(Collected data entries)
* * * * *

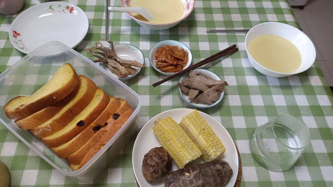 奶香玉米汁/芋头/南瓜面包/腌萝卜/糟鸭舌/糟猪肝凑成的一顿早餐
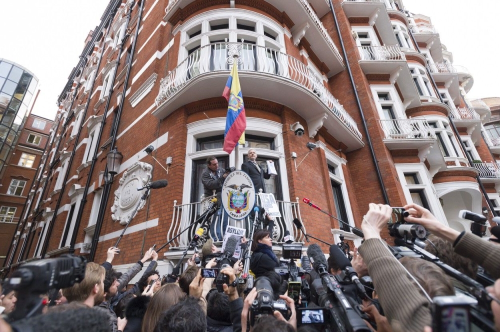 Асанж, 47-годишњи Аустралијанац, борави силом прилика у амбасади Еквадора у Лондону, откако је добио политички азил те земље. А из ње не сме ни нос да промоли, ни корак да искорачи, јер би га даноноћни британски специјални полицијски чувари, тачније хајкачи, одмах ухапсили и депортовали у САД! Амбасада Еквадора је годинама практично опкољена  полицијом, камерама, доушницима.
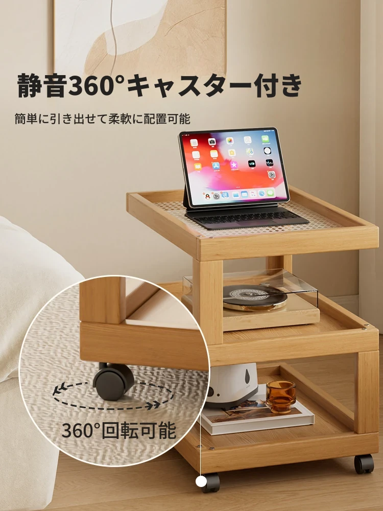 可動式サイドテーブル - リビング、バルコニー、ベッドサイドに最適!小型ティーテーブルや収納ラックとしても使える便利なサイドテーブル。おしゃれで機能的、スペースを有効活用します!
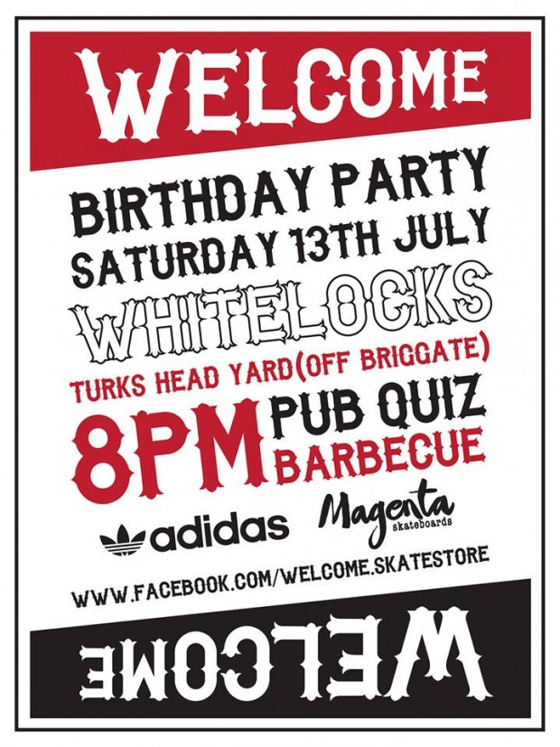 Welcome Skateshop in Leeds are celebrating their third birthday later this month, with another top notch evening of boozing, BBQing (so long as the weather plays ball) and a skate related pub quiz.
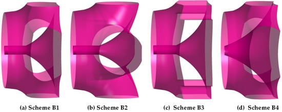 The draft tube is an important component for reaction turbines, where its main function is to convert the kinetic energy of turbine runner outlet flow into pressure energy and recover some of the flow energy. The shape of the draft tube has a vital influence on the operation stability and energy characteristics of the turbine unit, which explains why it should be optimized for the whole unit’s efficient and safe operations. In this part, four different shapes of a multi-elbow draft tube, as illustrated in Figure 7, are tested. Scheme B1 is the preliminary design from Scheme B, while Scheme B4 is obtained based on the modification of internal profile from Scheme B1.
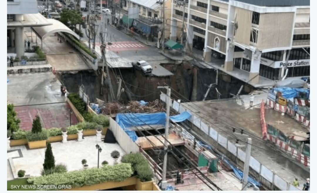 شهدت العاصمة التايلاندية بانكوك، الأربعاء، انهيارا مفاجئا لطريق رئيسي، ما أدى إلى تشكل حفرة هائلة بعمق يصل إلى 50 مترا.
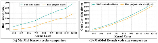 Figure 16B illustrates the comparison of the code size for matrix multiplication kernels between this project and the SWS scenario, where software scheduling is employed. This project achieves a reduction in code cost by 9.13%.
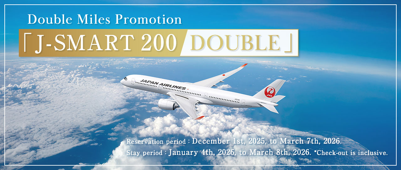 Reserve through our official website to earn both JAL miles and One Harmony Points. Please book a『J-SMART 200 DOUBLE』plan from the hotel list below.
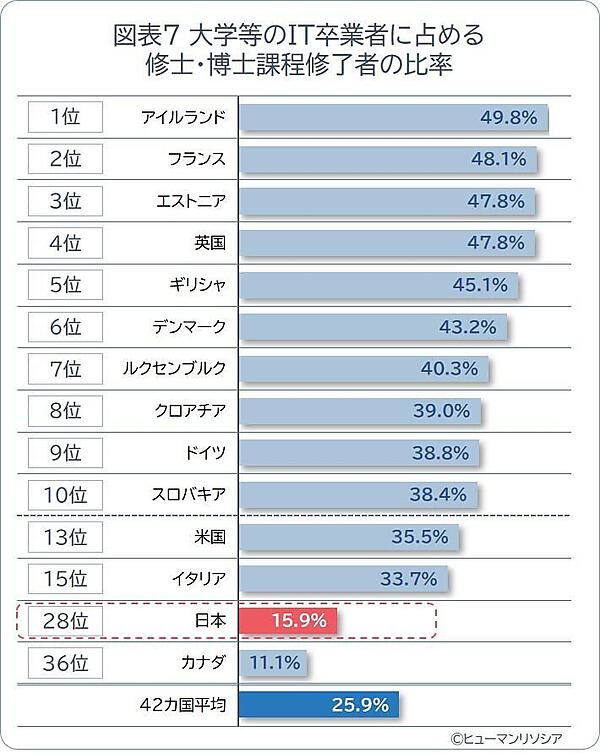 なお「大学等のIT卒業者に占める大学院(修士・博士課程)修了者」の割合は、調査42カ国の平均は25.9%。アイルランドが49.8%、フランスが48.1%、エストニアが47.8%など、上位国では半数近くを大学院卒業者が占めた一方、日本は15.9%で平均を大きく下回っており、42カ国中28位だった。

* * * * *

Your objective →
What are the lines above from the one with "Асанж, 47-годишњи Аустралијанац, борави" to the one with "Welcome Skateshop in", both included? Reproduce them exactly, without pictures.

Expected output →
 Асанж, 47-годишњи Аустралијанац, борави силом прилика у амбасади Еквадора у Лондону, откако је добио политички азил те земље. А из ње не сме ни нос да промоли, ни корак да искорачи, јер би га даноноћни британски специјални полицијски чувари, тачније хајкачи, одмах ухапсили и депортовали у САД! Амбасада Еквадора је годинама практично опкољена  полицијом, камерама, доушницима.
 可動式サイドテーブル - リビング、バルコニー、ベッドサイドに最適!小型ティーテーブルや収納ラックとしても使える便利なサイドテーブル。おしゃれで機能的、スペースを有効活用します!
 Welcome Skateshop in Leeds are celebrating their third birthday later this month, with another top notch evening of boozing, BBQing (so long as the weather plays ball) and a skate related pub quiz.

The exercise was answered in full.